Search code examples
pythonregexpython-re

Regex for matching only capitalized words stuck together (i.e. not separated by whitespace)


I have a long list of strings which are all random words, all of them capitalized, such as 'Pomegranate' and 'Yellow Banana'. However, some of them are stuck together, like so: 'AppleOrange'. There are no special characters or digits.

What I need is a regular expression on Python that matches 'Apple' and 'Orange' separately, but not 'Pomegranate' or 'Yellow'.

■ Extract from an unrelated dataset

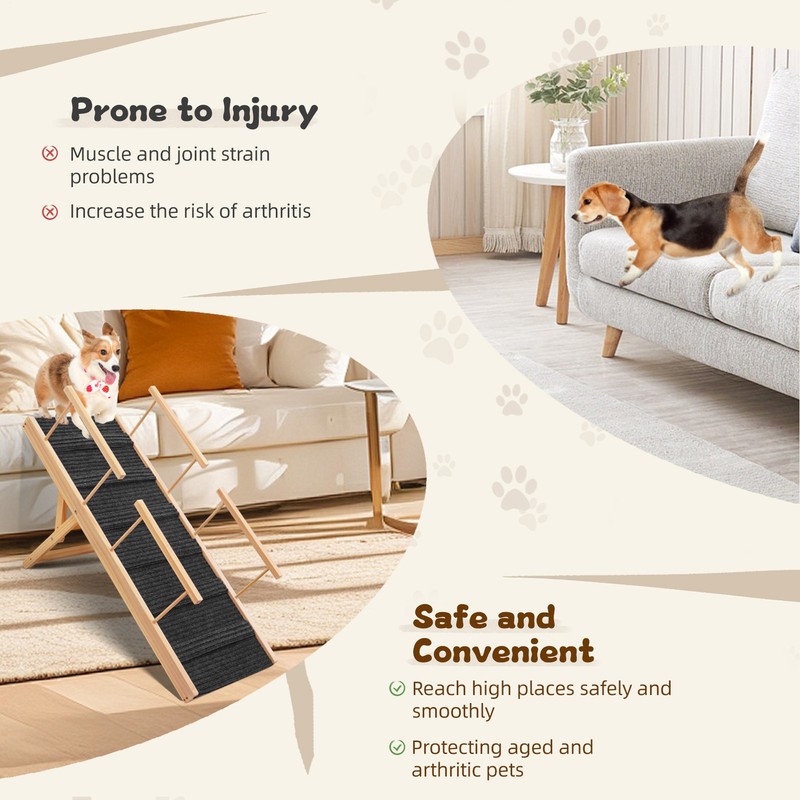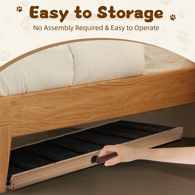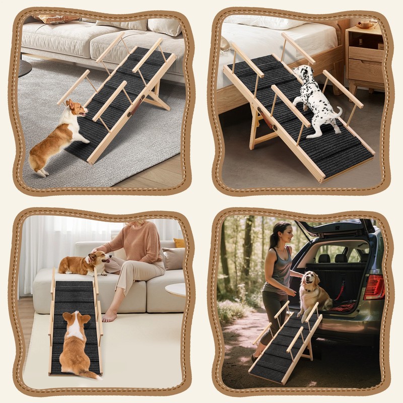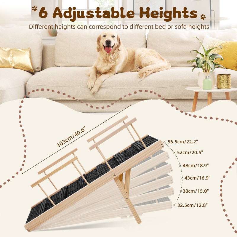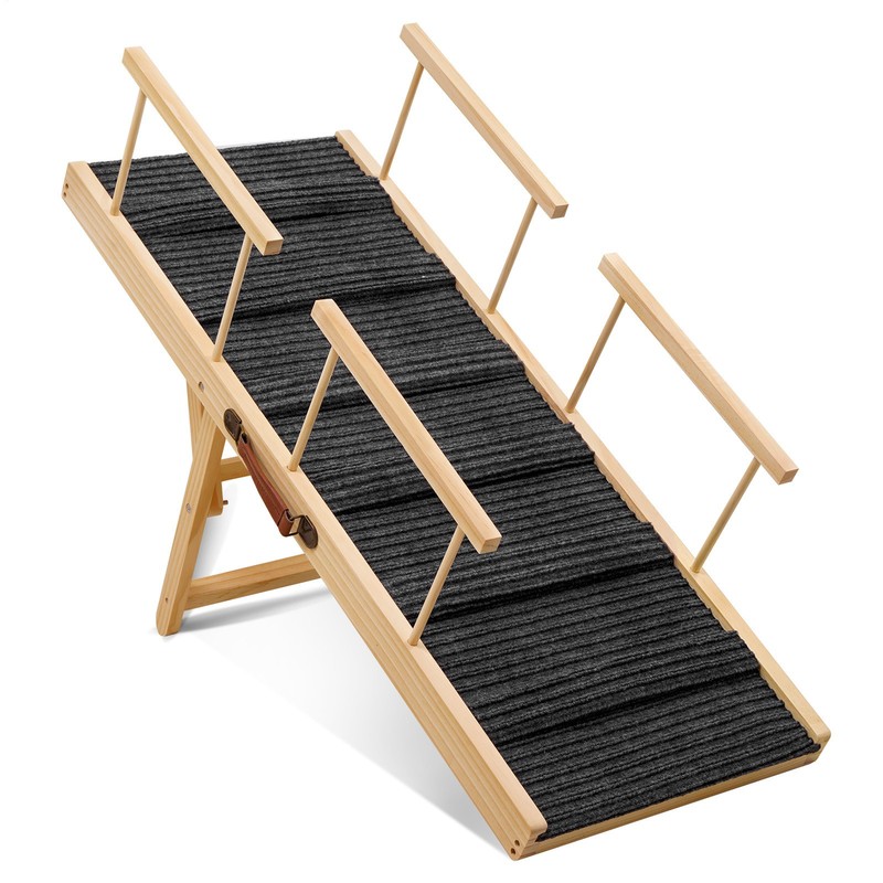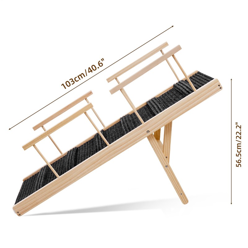 Sturdy and Durable One-Piece Design - Unlike folding ramps, this one-piece design has no cutouts and offers a higher load-bearing capacity. The durable, stable solid wood construction and extra-long wooden slats provide strong support, preventing wobbling or wiggling. Ideal Height - The dog ladder's height is suitable for most situations, allowing you to use it wherever you need it, adding more fun for your pet. Upgraded Anti-Slip Ramp - The black, high-traction carpeted surface (especially useful for older, blind pets, making it easier to see) provides high surface friction. The carpeted and ribbed walking surface provides traction and a stable foothold, allowing you to climb with confidence. Relieve Joint Pain - Using the car dog ramp allows your pet to easily reach the sofa, bed, or RV, avoiding muscle and joint strain caused by jumping, allowing you and your pet to enjoy playtime. The natural color design easily blends into any home style, or you can add a bath mat to the ramp for your pet's extra grip. Excellent Service - The puppy stairs are ready to use right out of the box, with no assembly required. Easy to use and set up. If your pet isn't sure how to use these pet stair steps, try placing treats on the steps to build their trust until they get used to them. Product Attributes: Material: Pine + Multilayer Board + Polyester Dimensions: 79.5 x 47 x 70.5 (assembled) Includes: Guardrail Dog Ladder *1 Guardrail Sticks *8 Guardrail Handrails *4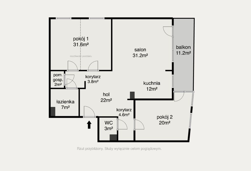 - Pokój I – 36,1 m² – według pierwotnego planu były tam 2 pokoje i jest możliwość przywrócenia go na dwa pomieszczenia po ok 15 m²

As expected, I'm very new to this, and I've only managed to write r"(?<!\s)([A-Z][a-z]*)"... But that still matches 'Yellow' and 'Pomegranate' . How do I do this?


Solution

  • If they all start with an uppercase char and optional lowercase chars, you can make use of lookarounds and an alternation to match both variations

    (?<=[a-z])[A-Z][a-z]*|[A-Z][a-z]*(?=[A-Z])
    

    The pattern matches:

    • (?<=[a-z]) Assert a-z to the left
    • [A-Z][a-z]* match A-Z and optional chars a-z
    • | or
    • [A-Z][a-z]* match A-Z and optional chars a-z
    • (?=[A-Z]) Assert A-Z to the right

    Regex demo

    Example

    import re
    
    pattern = r"(?<=[a-z])[A-Z][a-z]*|[A-Z][a-z]*(?=[A-Z])"
    s = ("AppleOrange\nPomegranate Yellow Banana")
    
    print(re.findall(pattern, s))
    

    Output

    ['Apple', 'Orange']
    

    Another option could be getting out of the way what you don't want by matching it, and use a capture group for what you want to keep and remove the empty entries from the result:

    (?<!\S)[A-Z][a-z]*(?!\S)|([A-Z][a-z]*)
    

    Regex demo | Python demo

    import re
    
    pattern = r"(?<!\S)[A-Z][a-z]*(?!\S)|([A-Z][a-z]*)"
    s = ("AppleOrange\nPomegranate Yellow Banana")
    
    print([x for x in re.findall(pattern, s) if x])